Before you begin coding, please answer the first question in the text file, which asks you to estimate the total number of person-hours you think will be needed to implement your solution (including testing).

Before submitting your code using submit.sh, please answer the the second question, which asks how many person-hours of effort were actually required.

The purpose of these questions is to give you some practice at the difficult task of software project estimation, to force you to think a little bit about your design and testing strategies before you plunge into implementation, and to gather useful information about the effort required for this class that we will use to tune the difficulty of assignments in subsequent years.

Guidelines and Suggestions

As mentioned already, you must not modify the public methods of the classes that we have provided (although you may add new public methods). Beyond this basic requirement, there is a fair bit of leeway in how to actually carry out the implementation. Below are some suggestions.

File and page layout. Each record file will likely need one or more header pages, on which you store information about the file as a whole, followed by a collection of data pages. Each data page will likely also contain some header information in addition to records.

File header management. Your implementation of RecordManager::openFile will call PageFileManager::openFile to actually open the file. You will probably also want to read some header information at that time, containing information such as record size and the number of pages in the file, and copy it into your RecordFileHandle object as class data. Once you have read the header information, you can unpin the header page to free its block in the buffer pool. If changes are made later to the header information, it must be eventually written back to the file when the file is closed.

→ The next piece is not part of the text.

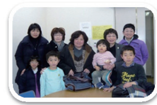
第1回目参加者のみなさん

平成 29 年 7 月 9 日 ( 日 ) 午前 10 : 00 ~ 12 : 00 (9時半開場、中途入退室OKです)
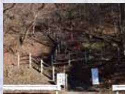
駐車場より熊ノ平への入口

Record identifiers. The RecordID class defines unique identifiers for records within a given file. Record identifiers will serve as tuple identifiers for higher-level DavisDB components. Thus, the identifier for a given record should be permanent, and should not change if the record is updated, or when other records are inserted or deleted.

Keeping track of free space. When inserting records, you are strongly discouraged from performing a linear space through pages in order to find a page with free space. Rather, you should adopt an approach like one of those described in lecture. You should also take care to avoid placing a limit on the total number of records that can be stored in a file: each file should be allowed to grow arbitrarily large. (Of course, there is an implicit limit given by the range of the int data type used for record and page numbers, but it should be possible to change this type - say, to a long - without otherwise changing your code.)

Grading

As stated on the main project page, the standard formula for grading project components is 80% for correctness (as verified by automated testing), and 20% for the writeup and for code design and readability.

Testing and Submission

We have provided a basic set of tests in the file Test.cpp. These are just meant to get you started, and an important part of the project involves developing your own thorough tests. The grading will be done using a more comprehensive version of these basic tests. Beware, we will try hard to break your code!

Details about obtaining the code distribution, using your team's subversion repository, and submitting your code are on the main project page.

Acknowledgments

Major aspects of the DavisDB project are derived from the RedBase project developed by Jennifer Widom for use in CS 346 at Stanford, and used here with her permission.